Data entries:
------------------------
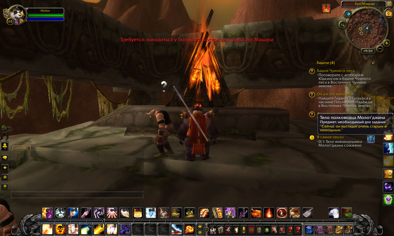 | Description | Тело военачальника Молот'джина не кидается в костёр. Нахожусь около костра и пишет "Требуется: находится у большого костра зиккурата Зул'машара". | ||||
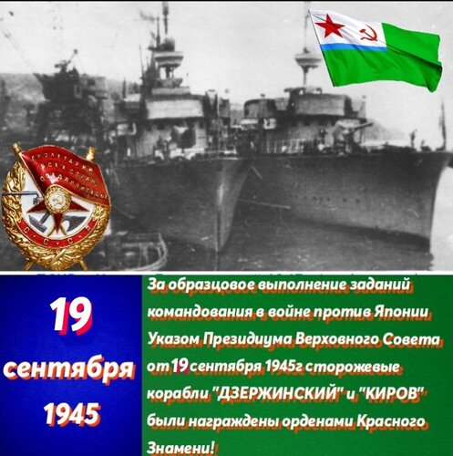 19 сентября 1945г пограничным сторожевым кораблям "ДЗЕРЖИНСКИЙ" и "КИРОВ" (первого поколения, эти корабли были итальянской постройки) были вручены Ордена Красного Знамени, по приемственности имён, одноименным кораблям следующего поколения пр.264А также перешли ОРДЕНА КРАСНОГО ЗНАМЕНИ, а вот в третьем поколение, Орден Красного Знамени перешёл только к Дзержинскому пр.1135.1, а Киров был отдан Украине и переименован!
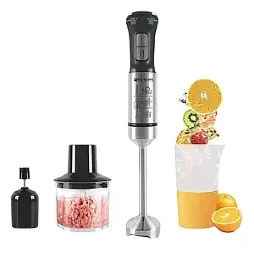 Погружной блендер Hoffmans 5в1 HM-8047 — многофункциональный кухонный прибор, объединяющий 5 насадок для смешивания, измельчения, взбивания и приготовления смузи. Он идеально подходит для ежедневного использования дома и помогает быстро готовить супы-пюре, соусы, коктейли, кремы и десерты, а также измельчать овощи, фрукты, орехи и сыр.
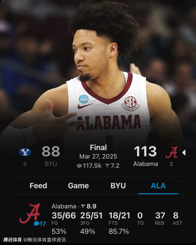NCAA+NBA史上首现!阿拉巴马轰25记三分0失误:大胜杨百翰晋级
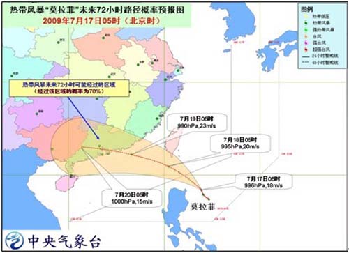 中新網(wǎng)7月17日電 據(jù)中國氣象局網(wǎng)站消息,7月16日晚,菲律賓呂宋島以東洋面的熱帶低壓加強為今年第6號熱帶風(fēng)暴“莫拉菲”(MOLAVE)。
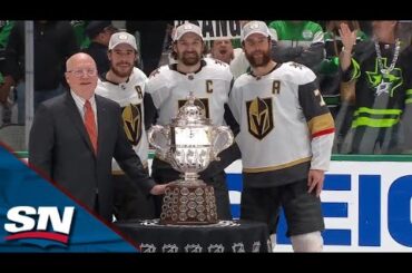 Regardez les Golden Knights de Vegas recevoir le Clarence S. Campbell Bowl après avoir battu les Stars de Dallas lors…
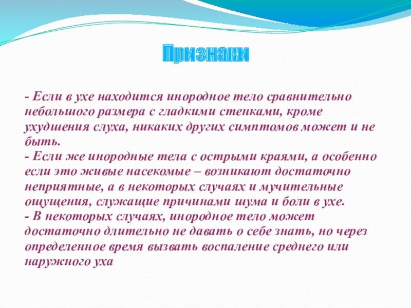 - В некоторых случаях, инородное тело может достаточно длительно не давать о себе знать, но через определенное время вызвать воспаление среднего или наружного уха
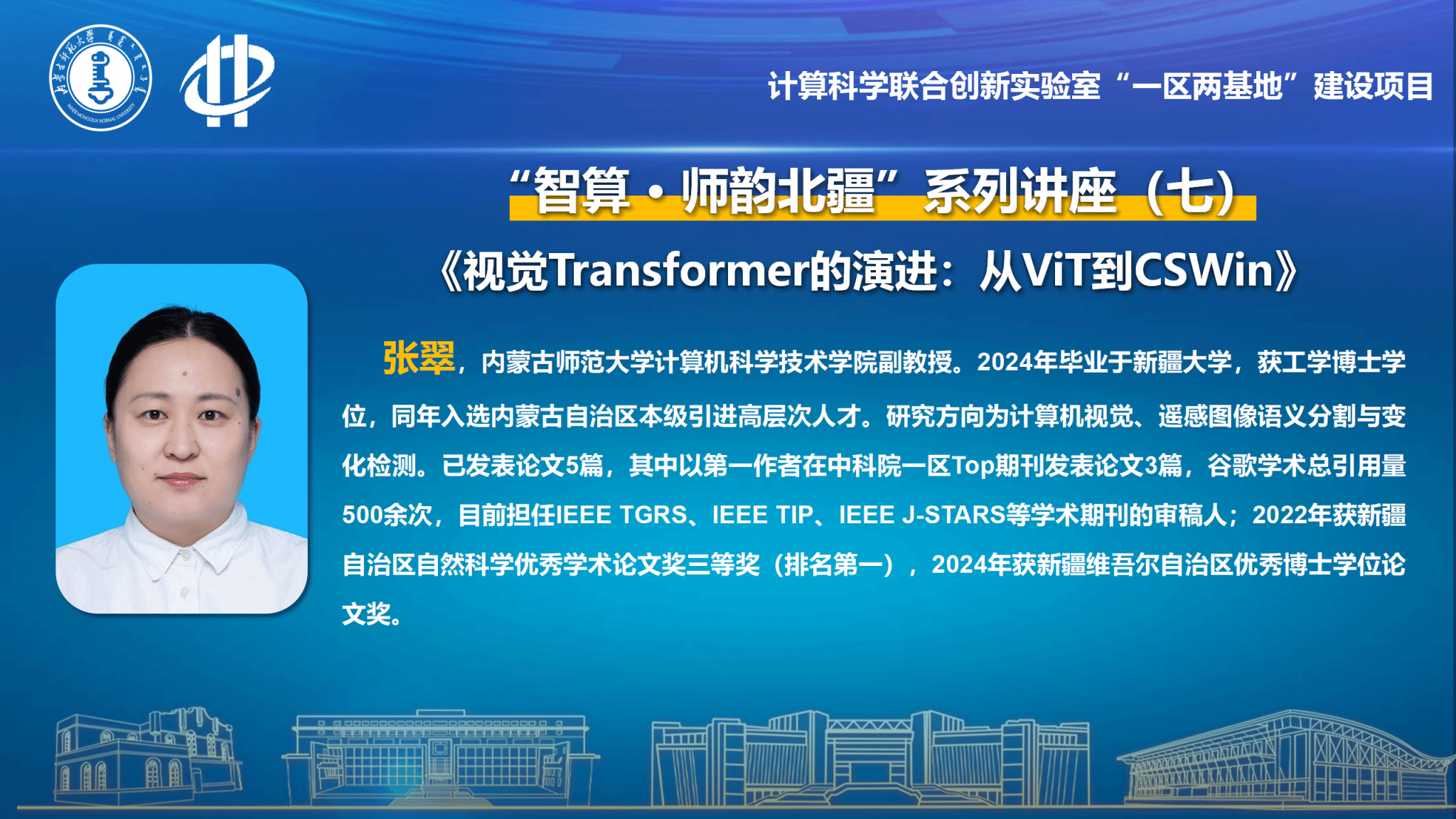 2024年11月21日,太阳成集团tyc41183“智算·师韵北疆”系列讲座第七期于大数据楼114教室顺利举办。本次活动特邀该院张翠副教授担任主讲,以“视觉Transformer的前沿发展及其在计算机视觉中的应用”为主题展开深入讲解。
------------------------
Task instructions: Without the pictures, repeat all the records word for word.

Output:
 | Description | Тело военачальника Молот'джина не кидается в костёр. Нахожусь около костра и пишет "Требуется: находится у большого костра зиккурата Зул'машара". | ||||
 19 сентября 1945г пограничным сторожевым кораблям "ДЗЕРЖИНСКИЙ" и "КИРОВ" (первого поколения, эти корабли были итальянской постройки) были вручены Ордена Красного Знамени, по приемственности имён, одноименным кораблям следующего поколения пр.264А также перешли ОРДЕНА КРАСНОГО ЗНАМЕНИ, а вот в третьем поколение, Орден Красного Знамени перешёл только к Дзержинскому пр.1135.1, а Киров был отдан Украине и переименован!
 Погружной блендер Hoffmans 5в1 HM-8047 — многофункциональный кухонный прибор, объединяющий 5 насадок для смешивания, измельчения, взбивания и приготовления смузи. Он идеально подходит для ежедневного использования дома и помогает быстро готовить супы-пюре, соусы, коктейли, кремы и десерты, а также измельчать овощи, фрукты, орехи и сыр.
NCAA+NBA史上首现!阿拉巴马轰25记三分0失误:大胜杨百翰晋级
 中新網(wǎng)7月17日電 據(jù)中國氣象局網(wǎng)站消息,7月16日晚,菲律賓呂宋島以東洋面的熱帶低壓加強為今年第6號熱帶風(fēng)暴“莫拉菲”(MOLAVE)。
 Regardez les Golden Knights de Vegas recevoir le Clarence S. Campbell Bowl après avoir battu les Stars de Dallas lors…
 - В некоторых случаях, инородное тело может достаточно длительно не давать о себе знать, но через определенное время вызвать воспаление среднего или наружного уха
 2024年11月21日,太阳成集团tyc41183“智算·师韵北疆”系列讲座第七期于大数据楼114教室顺利举办。本次活动特邀该院张翠副教授担任主讲,以“视觉Transformer的前沿发展及其在计算机视觉中的应用”为主题展开深入讲解。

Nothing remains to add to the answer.